In speaking out, it is the first time the FA has taken a formal position on the controversial issue, although Dyke's predecessor David Bernstein said in June that any plans to move the World Cup to the winter were "fundamentally flawed".
The FA's stance could lead to some differences with the Premier League, whose chief executive Richard Scudamore strongly opposes any move to change the World Cup to the winter due to the disruption it will cause to domestic club competitions over three years.
But Dyke has serious concerns about the weather in Qatar, where the desert climate sees June temperatures typically peak above 100 degrees Fahrenheit on a daily basis.
"It's too hot," he told BBC Radio Five Live. "Forget about footballers; think about the fans.
"If you get thousands of fans, as you do at World Cups, out in that heat I just don't see how it works.
"You can have air-conditioned stadiums but you've got to get in and out of the stadium, and that can take you an hour. In that sort of heat it's quite dangerous I think."
He added: "My major concern is about fans. If thousands of fans turn up for a tournament in Qatar it could be very dangerous."
Dyke warned on Friday that the dispute over the 2022 finals was likely to be resolved by litigation, and he stressed the FA is not taking a stance on whether it should be moved to another country or shifted to a different time of year.
FIFA president Sepp Blatter has recently expressed a preference for a tournament in a cooler season of the year.
"I think that's up to FIFA to work that out," Dyke added. "The only position I'm making is that you can't hold it in Qatar in the summer."
He believes FIFA ignored warnings about the pitfalls of playing in such intense heat at the time the tournament was awarded to Qatar, in December 2010.
"FIFA were told that at the time they took the decision. There was a report at that stage saying they thought this could be dangerous," Dyke said.
"Clearly people wanted to take football to a place like Qatar where there's no footballing tradition. But it wasn't thought through properly.
"I think Sepp Blatter is of the position you can't hold it in the summer. What we're saying is that if you can't hold it in the summer, when do you hold it or where do you hold it are the questions that FIFA needs to answer.
"I'm going out to see him next month. I'm sure we will discuss all sorts of things. His belief, I think, is you will probably move it to the autumn or the winter."
Addressing the problems a non-summer World Cup would present for the Premier League, Dyke said: "I know Richard Scudamore's position pretty well and I have some sympathy with it.
"Richard Scudamore is saying this isn't a problem of our (the Premier League's) making. (He is saying) you will completely disrupt our league timetable not just for one season but for three if you move it to the autumn or winter.
"There are no winners in this.
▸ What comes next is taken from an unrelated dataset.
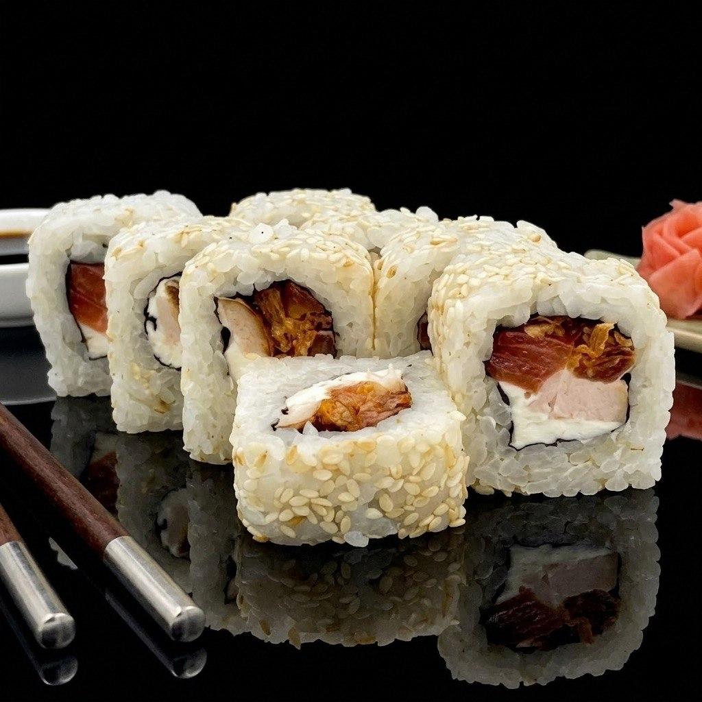 Сочный ролл с нежной курицей, кремовым творожным сыром и свежим помидором. Хрустящий лук фри добавляет приятную текстуру, а золотистый кунжут завершает вкус тёплой ореховой ноткой. Лёгкий, ароматный и очень аппетитный ролл

The wrong decision was probably taken originally, and now we've got to live with it and we've got to make it work."
Dyke suggested it would "look rather self-serving" if the FA proposed it could host the 2022 tournament and said that such a prospect was unlikely.
In terms of the next World Cup, Dyke is optimistic England will be there in Brazil next year.
He does accept, however, that mistakes have been made in the approach to tournaments such as the European Under-21 Championship, where England performed poorly.
Dyke, who has spent an evening in the pub with England boss Roy Hodgson to discuss the various issues, said: "Roy lives up the road from me so we went and had an evening's drinking in Richmond, talking about the future, the importance of this year.
"There are four important competitive internationals and we are all pretty optimistic we are going to get to Brazil. Some people think it might be via the play-offs, I'm not so sure, I think we might get straight there. Roy is certainly confident. So are we at the FA that we will get to Brazil."